» PROVIDED INFORMATION:
• • • • • • •
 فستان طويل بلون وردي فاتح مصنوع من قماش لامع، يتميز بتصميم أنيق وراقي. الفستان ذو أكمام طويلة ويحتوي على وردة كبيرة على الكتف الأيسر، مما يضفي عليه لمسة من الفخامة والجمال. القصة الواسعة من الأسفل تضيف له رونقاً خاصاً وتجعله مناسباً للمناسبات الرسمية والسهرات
• • • • • • •
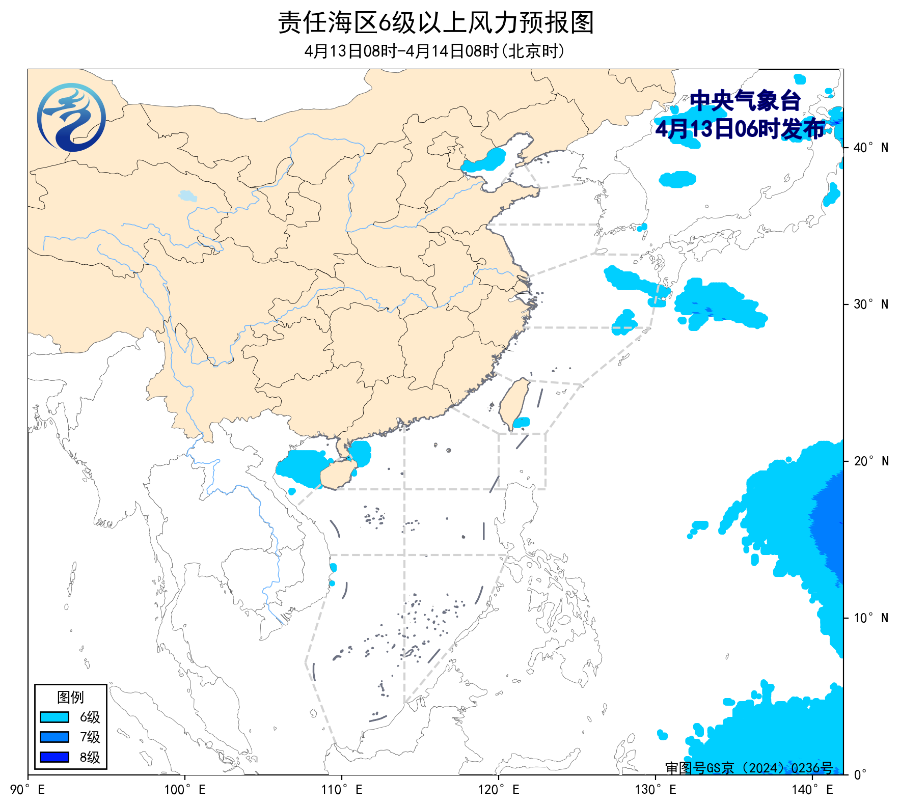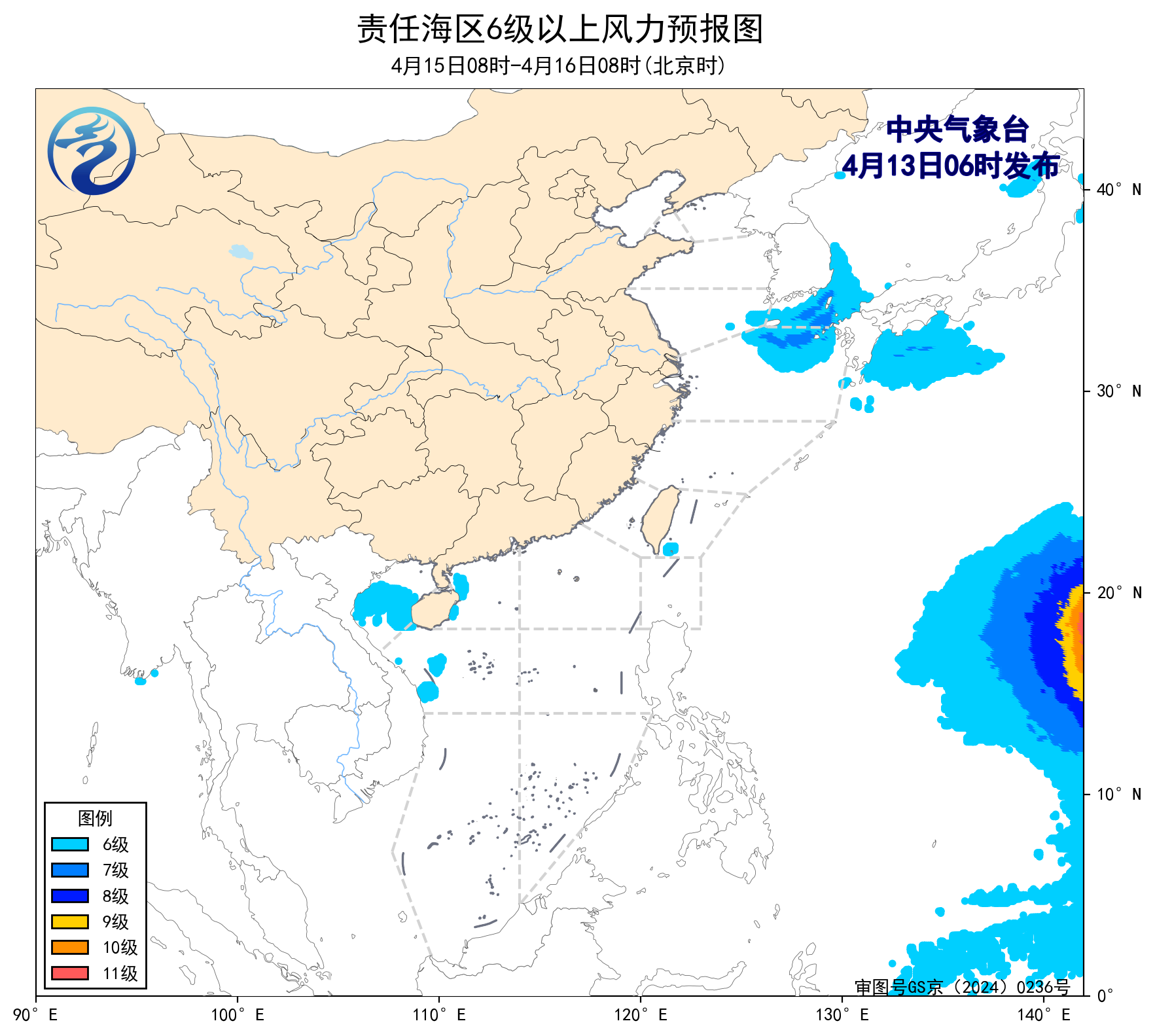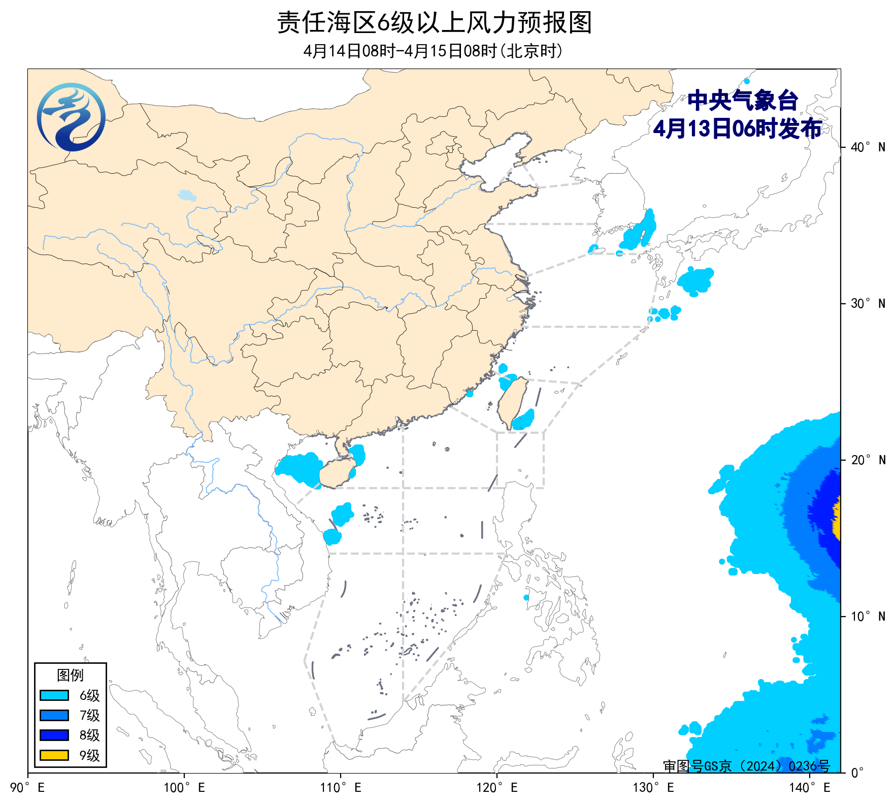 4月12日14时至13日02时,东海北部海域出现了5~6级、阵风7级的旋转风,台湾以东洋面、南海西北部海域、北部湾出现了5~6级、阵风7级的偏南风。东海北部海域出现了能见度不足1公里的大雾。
• • • • • • •
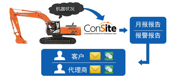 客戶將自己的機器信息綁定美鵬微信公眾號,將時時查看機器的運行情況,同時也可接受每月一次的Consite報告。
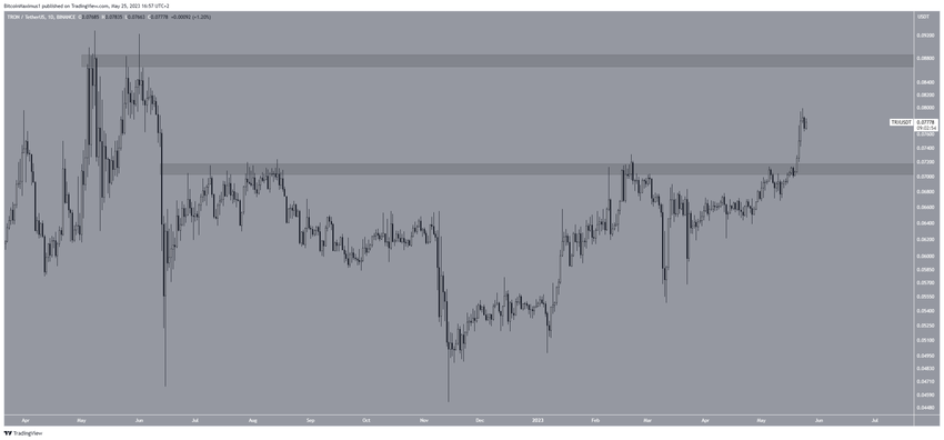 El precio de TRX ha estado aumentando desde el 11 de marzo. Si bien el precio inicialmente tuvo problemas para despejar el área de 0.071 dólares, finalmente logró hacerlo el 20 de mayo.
• • • • • • •
» ASSIGNED TASK: Return the stretch of data that begins with the line showing "客戶將自己的機器信息綁定美鵬" and goes on through the line showing "El precio de", exactly, with pictures removed.

» RESPONSE TO THIS TASK:
 客戶將自己的機器信息綁定美鵬微信公眾號,將時時查看機器的運行情況,同時也可接受每月一次的Consite報告。
 El precio de TRX ha estado aumentando desde el 11 de marzo. Si bien el precio inicialmente tuvo problemas para despejar el área de 0.071 dólares, finalmente logró hacerlo el 20 de mayo.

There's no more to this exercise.